Peran Pustakawan, semakin berkembang dari waktu ke waktu. Kini pustakawan tidak hanya melayani sirkulasi buku, tetapi dituntut untuk dapat memberikan informasi secara cepat, tepat, akurat, dan efisien dari segi waktu dan biaya. Pustakawan dituntut untuk mengembangkan kompetensi yang ada dalam dirinya guna mendukung pelaksanaan program Tridarma Perguruan Tinggi. Kompetensi dan peran pustakawan sangat berperan dalam mendukung tercapainya visi perguruan tinggi.
Butuh perjuangan lebih ekstra untuk menunjukkan bahwa pustakawan ini mampu sejajar dengan profesi lain.

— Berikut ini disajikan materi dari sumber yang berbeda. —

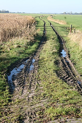 We wandelen naar het betonpad, terug naar het dorp. Beetje nevelig, sfeervol. Op het “stoppelland” aan de linkerkant in de verte twee gelukzoekers, druk doende met hun ‘metaaldetectoren’ of hoe je die apparaten ook noemt. Ik kan niet goed onderscheiden wie daar bezig zijn onvermoede schatten uit de aarde te voorschijn te ‘detecteren’…

Betapa tidak, status pustakawan kini sudah terlanjur masuk pada ranah profesional. Artinya, ada kualifikasi tertentu jika seseorang ingin menjadi pustakawan. Ini pula menjadi penanda bahwa pustakawan bukan lagi seperti yang dianggap orang pada masa-masa sebelumnya yang hanya sebagai penjaga buku dan penjaga gunungan kertas di gudang saja. Dengan harapan, semakin profesionalnya para pengelola perpustakaan atau pustakawan, maka akan mempunyai nilai lebih di mata pemustaka khususnya dalam hal pelayanan,dan tentunya akan menaikkan nilai tambah untuk lembaga dan masyarakat umum. (Dedi Natawijaya)
Dedi Natawijaya adalah Arsiparis Perpustakaan Universitas Siliwangi.